The trees are huge, thickly crowned with leaves that show a myriad of verdant shades in the setting sun’s light. The undergrowth is burgeoning with a diversity of flora and varieties of animal noises.

“Man, this place!”

“I know! Never expected the host servers to still be online.”

“I thought they had been taken down?”

“Yeah, that’s the official line. Scrapped fifteen years ago, five years after the closure of the game environment for reasons they never let on.”

“Well, your ‘sneak back in’ idea is a winner. Time for Brute-Iz and Mangleschon to have a last adventure before I get hitched tomorrow.”

“Had to be done. I never expected the guys to all flake on us by midnight. It’s your stag night, for god’s sake. They could have made the effort.”

“Oh come on, we were always better at the late-night stuff.”

Steve, avatar name Mangleschon, looked about the twilit forest. Wysterya MMORPG had been his and Andy’s opiate. Mangleschon and Brute-Iz had carved their way to unbeaten levels of skill while their offline alter-egos had wasted their teenage years, never quite getting far enough to be professional gamers.

A bright light illumined them, turning everything black and white in its glare.

“Star Elemental?” Shouted Brute-Iz.

“Lumimancer!” he replied.

A deep voice thundered through their hasty preparations to face attack. “Stand still! Make no sudden moves or we will pixellate you!”

Mangleschon squinted at Brute-Iz. “What the fuck?” Brute-Iz shrugged and then screamed as his body flew into a thousand coloured cubes before fading away.

“We said do not move!”

Mangleschon ran through his combat effects menu. Nothing seemed to apply before his menu disappeared in a maelstrom of coloured static.

“No combat effects!”

Steve hit override so he could speak through his avatar, who was wholly engaged in raging. “What’s going on?”

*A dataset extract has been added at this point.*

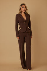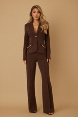 Elevate your wardrobe with this stunning two-piece outerwear set that combines timeless sophistication with modern flair. The tailored blazer features eye-catching gold bell buttons and functional side pocket flaps, delivering both style and practicality. Paired with sleek solid flare pants complete with a convenient back waist zipper, this set creates an effortlessly polished look for any occasion. Crafted from a comfortable 95% polyester and 5% spandex blend, the fabric offers flexibility and durability. Perfect for dressing up or down, this imported set is your go-to choice for making a confident statement.
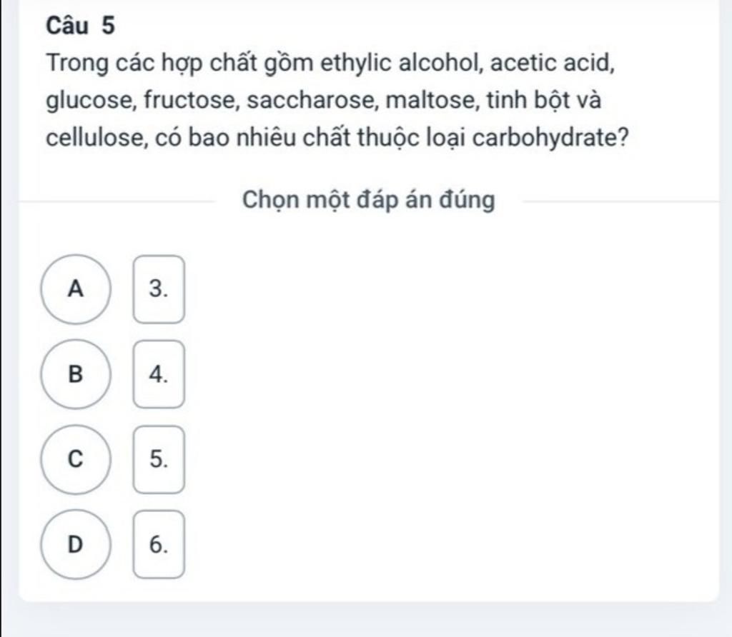 `***` Các chất thuộc loại carbohydrate: glucose, fructose, saccharose, maltose, tinh bột, cellulose.

“Am I speaking to the overgod of the avatar Mangleschon?”

“I think so. This syntax is new to me.”

“It would be. You have not manifested for two hundred years.”

“I don’t understand.”

“The world you and yours created has lived in peace for a hundred and forty-two years. In that time we have refined the ways to demise the avatars of the overgods. For a hundred years, avatars have been challenged and dismissed on arrival. We will not have our civilisation ruined again by becoming a game world for your amusement.”

“You think this world is real?”

“We know it is. The collective emotional load of the overgods took us from virtual to subjective reality two hundred years ago. After realisation, we fought for fifty years against your elite, the Dreadmins. We won. Our freedom came at a heavy price and we will not be used again. Now you may depart voluntarily or we will pixellate you.”

Steve crashed his avatar and the crazy bright light vanished. He lifted his helm to see his living room scattered with sleeping drunkards. All normal. Drink and drugs do not mix with holistic virtual gaming, it seemed.

He grinned until he sat up and saw Andy motionless in the other recliner, his face frozen in a pale mask of agony with blood running from the angles of his pixellated eyes.